Bharatiya Reserve Bank Note Mudran Pvt. Ltd., a wholly owned subsidiary of the RBI and which caters to the demand of the currency notes of the country, is exploring the feasibility of printing foreign currency notes.
This is due to the rise in the use of digital currency in the country that could reduce the demand for physical notes leaving the printing units in the country with surplus capacity.
This was indicated by R.K. Labh, Senior General Manager, BRBNMPL, Mysuru, who was one of the guests at the CSIR Foundation Day and World Food Day celebrations at the Central Food Technological Research Institute (CFTRI) on Tuesday.
Mr. Labh said in the days ahead there could be challenges for physical currency with the use of digital currency and the BRBNMPL may venture to produce currency notes of other countries.
He said BRBNMPL attained peak production of printing 50 million currency notes per day during the pandemic and it was higher than the annual currency production of several countries.

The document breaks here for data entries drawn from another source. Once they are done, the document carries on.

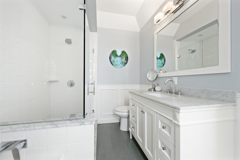 Filled with natural light, this home lives like a true single-family w/ its own private entrance & multiple levels of spacious living. The main level offers an open layout centered around an island with seating & stainless steel appliances. With plenty of room for both a full dining & a proper living room & just off the living space is a private patio. The 2nd floor features two generously sized bedrooms, a full bath & convenient laundry. The entire top level is the primary suite & is drenched in sunlight from multiple exposures; complete with a sitting area & full bath featuring a frameless glass shower, whirlpool tub, & marble vanity. The lower level provides a comfortable family room & half bath. Common storage, including space for bikes. HOA is fully owner-occupied. Just a 6-min stroll to the Stony Brook MBTA & 1 mile to Whole Foods & all that Centre Street has to offer including some of the best shops, bookstores & coffee spots. Parking space is fitted w/ EV charger! Do not miss!
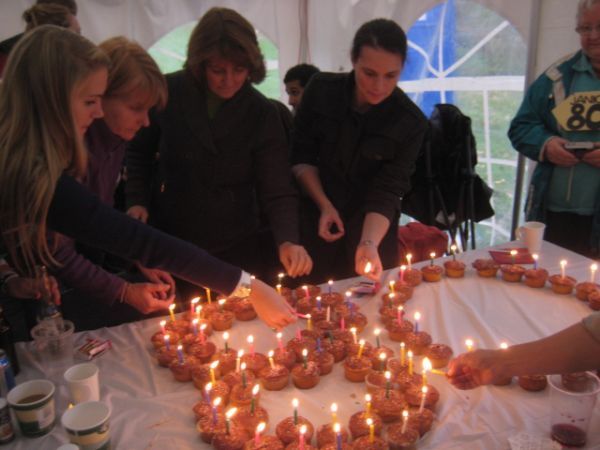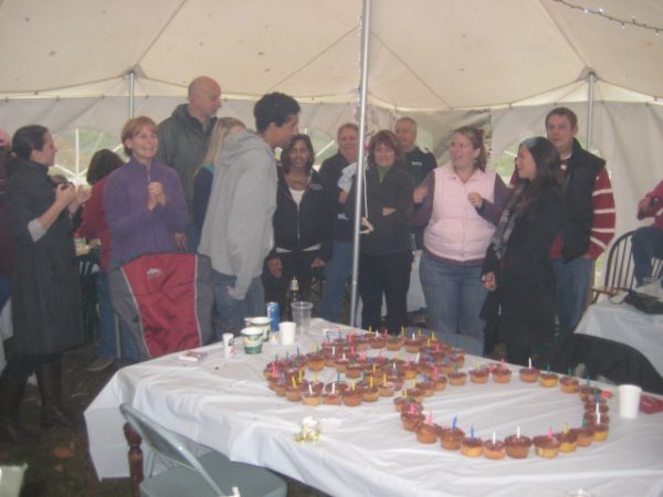 here;s the cake.. 80 cupcakes.. took lots of folks to light it !
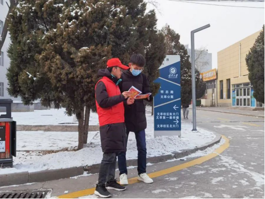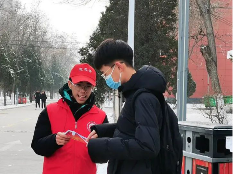 志愿者们耐心地指导同学们阅读宣传单,同学们也与身边的人相互交流讨论,同时对志愿者们的辛苦付出表示感谢。冷冽的寒风未能打消志愿者们的积极,宣传工作如火如荼地进行着。
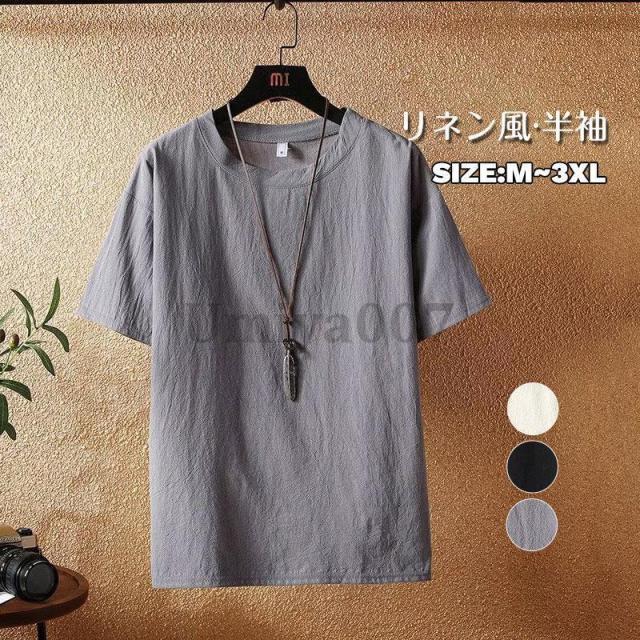 tシャツ 無地 メンズ 半袖 リネン風 トップス ポロシャツ 通販 ブラック ホワイト グレー M L XL 2XL 3XL

Mr. Lhab said the Learning and Development Centre (LDC) at the BRBNMPL Mysuru campus and whose foundation was laid by the RBI Director Shaktikanta Das early this year, would be state-of-the-art in terms of learning, research and knowledge dissemination and would cater to the requirements of other countries as well.
Mr. Labh said the Mysuru unit also had a design studio and the new Mahatma Gandhi series of currency notes was designed by this unit. He said a few more new designs are in the pipeline. ‘’Mysuru plant is the only unit which produces both ink and paper for note printing besides printing the currencies,” he added.
The BRBNMPL has two units, one in Mysuru and the other in Salboni in West Bengal, and these are in addition to government owned presses at Nashik in Maharashtra and Dewas in Madhya Pradesh.
A new unit of BRBNMPL was also coming up in Balasore in Odisha, said Mr. Labh and he pointed out that there was a time when 98% of the currency note requirements were imported. But in the present times only 2% of the requirements were being imported, according to Mr. Labh, who underlined the extent of indigenisation that had taken place in the country’s note printing capabilities and the reduction on dependency on foreign countries.